第19章 Epistle to the Galatians6:5-7
「それって…」
「サルコーマだね」
井ノ原先生が病理検査の結果をプリントアウトしたものを見せてくれた。
「myxoid liposarcoma」
ミーティングルームのテーブルに置かれた紙に、トンと指を指して教えてくれた。
染色された細胞の画像の横に、そう書いてある。
「4つに分類される軟部肉腫のうちのひとつだよ」
隣に座っている三宅先生は椅子に深く沈み込んで、天井を仰いでいる。
「…脂肪肉腫ですか?」
「そうだ」
井ノ原先生はにこりともしないで、向かいの椅子に腰掛けた。
「粘液型脂肪肉腫だな」
それなら悪性度は下から数えたほうが早く、比較的手術などの治療5年の予後はいいはず。

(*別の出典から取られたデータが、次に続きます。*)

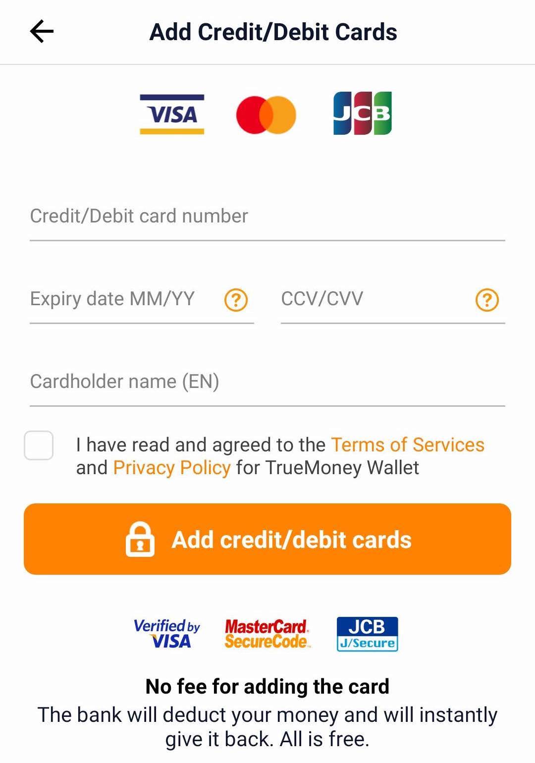 アプリにクレジットカードを紐付け、そのまま決済することができるので、旅行者であってもTrueMoney Walletのアカウントを作り、そこに日本のカードを登録してしまえばよい。
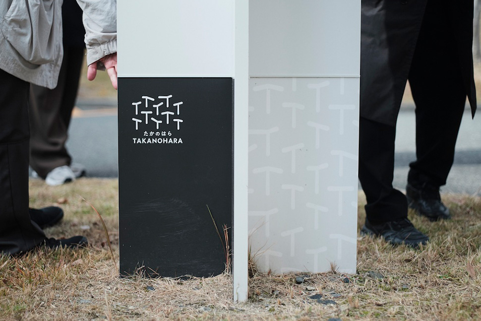 そういえば、この案内サインの足元の模様ですが、高の原のTでもあり、住棟の形のTでもあり、かわいいですよね。さらに案内サイン自体も上から見るとT型ですね。
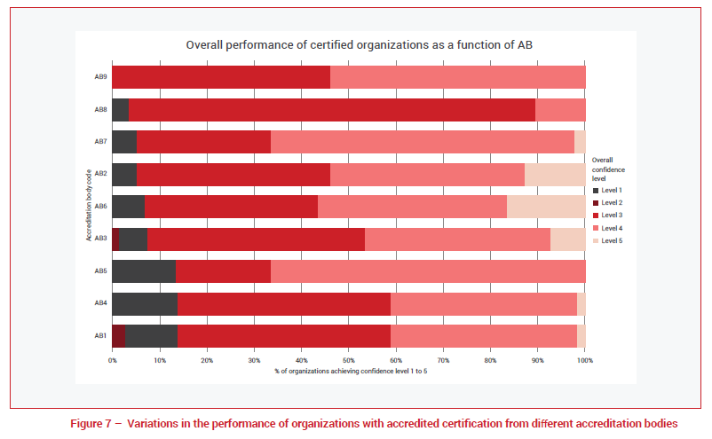 Similarly, the variations in the performance of organizations with accredited certification from different accreditation bodies are being displayed in the figure below. It is presented that the majority of organizations certified with certain CB’s performed well, in comparison with a small number of organizations which expressed doubt about the value of the certification:

粘液型脂肪肉腫は大きなくくりだと「軟部肉腫」と呼ばれる。
年間で約2000名ほどが罹患する所謂がんだ。
その中でも人数が多く、悪性度が比較的低いのが粘液型脂肪肉腫だ。
このサルコーマは、脂肪細胞の組織ががん化(無限増殖)するもので、全脂肪肉腫の30%を占める。
しばし粘液質の液体を含んでいるのが特徴だ。
好発部位は太ももや腕などの四肢だが、理屈を言えば脂肪がある全身どこにでもできてしまうものだ。
ふくらはぎはそんなに脂肪が多いと言える場所じゃない。
だから能村さんは、脂肪肉腫としても珍しい場所にできたと言える。
「良性…じゃなかったんですね…」
能村さんの笑顔を思い出して、ぎゅっと手を握った。